Prerequisites You will need Streamkap and Aws accounts
Setting up a New RDS SQL Server From Scratch This step will help you to set up SQL Server inside AWS
Configuring an Existing RDS SQL Server For existing SQL Server DB, you will have to modify its configuration to make it Streamkap-compatible
Creating a New Snowflake Account This step will help you set up a Snowflake account
Fetching credentials from existing Snowflake destination For the existing Snowflake connection, you will have to modify its permissions to allow Streamkap to write data
Streamkap Setup Adding Postgres as a source, adding Snowflake as a destination, and finally connecting them using a data pipe

Ready to Streamkap-italize your data? Let’s go!

Prerequisites

To follow along with this guide, ensure you have the following in place:

  1. Streamkap Account: To get started, you'll need an active Streamkap account with admin or data admin privileges. If you don't have one yet, no worries—you can sign up here or ask your admin to grant you access.
  1. Databricks Account: An active Databricks account is required with data warehouse administrative privileges. If you don’t have one yet, sign up here.
  1. Amazon AWS Account: An active Amazon AWS account with core RDS and networking permissions to create, configure or modify an AWS RDS instance. If you don’t have one yet, sign up here.

AWS RDS PostgreSQL Set Up

AWS RDS PostgreSQL stands out as one of the most widely used production databases. Its global adoption and everyday usage have prompted Amazon to make it exceptionally user-friendly. New users can set up an RDS PostgreSQL instance from scratch in just a few minutes. Additionally, if you already have an existing instance, it’s straightforward to add the necessary configuration for Streamkap streaming.

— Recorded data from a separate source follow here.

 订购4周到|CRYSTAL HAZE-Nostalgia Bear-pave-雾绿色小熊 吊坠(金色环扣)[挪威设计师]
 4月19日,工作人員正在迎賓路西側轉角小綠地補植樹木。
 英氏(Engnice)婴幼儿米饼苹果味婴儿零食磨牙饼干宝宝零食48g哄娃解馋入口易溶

In this section, we will explore various methods to set up and configure AWS RDS PostgreSQL to ensure compatibility with Streamkap.

Setting up a New AWS RDS PostgreSQL Instance from Scratch

Note: To set up a new AWS RDS PostgreSQL instance, you need IAM permissions for creating and  managing RDS instances, parameter groups, subnet groups, networking, security, monitoring, and optional encryption and tagging.

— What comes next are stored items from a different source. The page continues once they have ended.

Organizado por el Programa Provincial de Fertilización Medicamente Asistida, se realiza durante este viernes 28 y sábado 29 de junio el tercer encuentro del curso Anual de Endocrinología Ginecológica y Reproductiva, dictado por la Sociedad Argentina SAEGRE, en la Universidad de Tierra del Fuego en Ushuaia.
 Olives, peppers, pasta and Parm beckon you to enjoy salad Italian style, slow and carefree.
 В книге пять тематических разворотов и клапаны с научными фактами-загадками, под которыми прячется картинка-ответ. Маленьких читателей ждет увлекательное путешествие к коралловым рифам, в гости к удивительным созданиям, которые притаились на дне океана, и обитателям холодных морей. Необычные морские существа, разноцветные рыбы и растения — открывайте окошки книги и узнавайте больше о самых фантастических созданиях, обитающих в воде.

If you are restricted by permissions, please ask your AWS administrator to grant you core RDS and networking permissions.

Step 1: Access the AWS Management Console
  • Log in to your AWS management Console and type “RDS” on the search bar. 
  • Click on “RDS” as shown below
AWS Management Console
Step 2: Create a new RDS PostgreSQL Instance
  • Step 1 will take you to the RDS dashboard. From there, click on either "Databases" in the top left corner or "DB Instances" under the Resources section as depicted below.
RDS dashboard page
  • Select the region where you want your RDS instance to be hosted, then click "Create database" as shown in the following screenshot
Create database page
  • Click “Standard create” radio button in the Choose a database creation method section
  • Click “PostgreSQL” radio button in the Engine option section
  • Scroll down and choose “PostgreSQL 16.3-R3” from Engine version drop down menu as shown below
Create database page
  • Under the Templates section choose between “Production”, “Dev/Test”, “Free tier” based on your need.
  • If you're deploying sub-second latency streaming for the first time, we recommend selecting the "Free tier" as shown in the following screenshot to familiarize yourself with the end-to-end process without incurring cloud costs.
Choosing Free tier section
  • In the Settings section plug in a unique value for 
    • DB Instance identifier 
    • Master username
  • Click “Self managed” radio button on the Credentials management section and fill in values for Master password 
    • Confirm master password
Configuring settings
  • In the Connectivity section, click “Yes” for Public access as illustrated below 
Configuring Public access
  • In the Additional Configuration section, plug in an Initial database name as shown below
Configuring Initial database name
  • Scroll to the bottom and click “Create database”. Wait until your DB instance becomes available as shown below
Monitoring DB instance status
Step 3: Configuring Your PostgreSQL Instance for Streamkap Compatibility

By default, an AWS RDS PostgreSQL instance is not compatible with Change Data Capture (CDC). To enable sub-second latency streaming, minor adjustments must be made to the database to make it CDC-compatible.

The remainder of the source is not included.